Let $F(x,y,z)=2x^2+3y^2+5z^2-xy-xz-yz$ and

$A=\begin{pmatrix}2 & -\frac{1}{2} & -\frac{1}{2} \\-\frac{1}{2} & 3 & -\frac{1}{2} \\-\frac{1}{2} & -\frac{1}{2} & 5\end{pmatrix}$ be the associated matrix.

The inertia of $A$, denoted $\operatorname{in}(A)$, is defined as the triple

$\operatorname{in}(A):=(n_1,n_2,n_3)$

where $n_i, i=1,2,3$ denoted the number of positive, negative, and zero eigenvalues of $A$ respectively. Prove the following:

$i)$ If $\operatorname{in}(A) = (3,0,0)$ then the quadratic is an ellipsoid.

so this problem is saying it has 3 positive eigenvalues and no negative and no zero eigenvalues.

i know the general equation for an ellipsoid is $\frac{x^2}{a^2}+\frac{y^2}{b^2}+\frac{z^2}{c^2}=1$ and that it only makes since for the eigenvalues to be all positive.

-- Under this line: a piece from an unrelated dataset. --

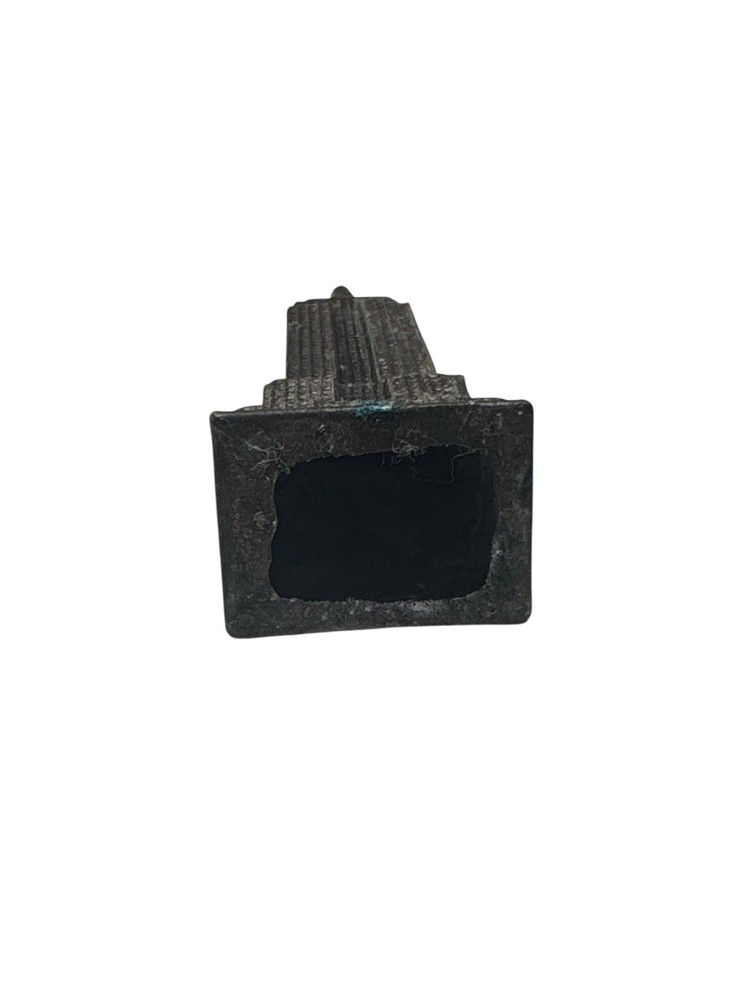 Miniature Empire State Building souvenir statue featuring a detailed textured exterior in a dark metal finish. A great collectible for NYC enthusiasts, architecture lovers, or travel memorabilia displays. Measures approximately 4 inches tall. Pre-owned in good condition with light surface wear consistent with age.

i'm not too sure how to actually "prove" it other than the fact if it was a negative it'd be a different shape

Answer 1

Define $x = (x_1,x_2,x_3)^T$. Note that $F(x_1,x_2,x_3) = x^TAx$.

Now, by Sylvester's law of inertia: if $A$ is positive definite, there exists an invertible matrix $S$ such that $$ A = S^T\pmatrix{1&0&0\\0&1&0\\0&0&1} S = S^TS $$ Or in other words, we have $$ F(x_1,x_2,x_3) = x^TS^TSx = (Sx)^T(Sx) $$ Now, what does this mean geometrically? Let $s_{ij}$ denote the entries of $S$. Let $y = (y_1,y_2,y_3)^T = Sx$, so that $$ \pmatrix{y_1\\y_2\\y_3} := S \pmatrix{x_1\\x_2\\x_3} = \pmatrix{s_{11}x_1 + s_{12}x_2 + s_{13}x_3\\ s_{21}x_1 + s_{22}x_2 + s_{23}x_3\\ s_{31}x_1 + s_{32}x_2 + s_{33}x_3} $$ We can think of this as a change of variables from $x$ to $y(x)$. What we have, then, is that $$ F(x_1,x_2,x_3) = y^Ty = y_1^2 + y_2^2 + y_3^2 $$ That is, there is a linear change of variables that takes us from this quadratic to the sphere. That can only be true if we have an ellipsoid.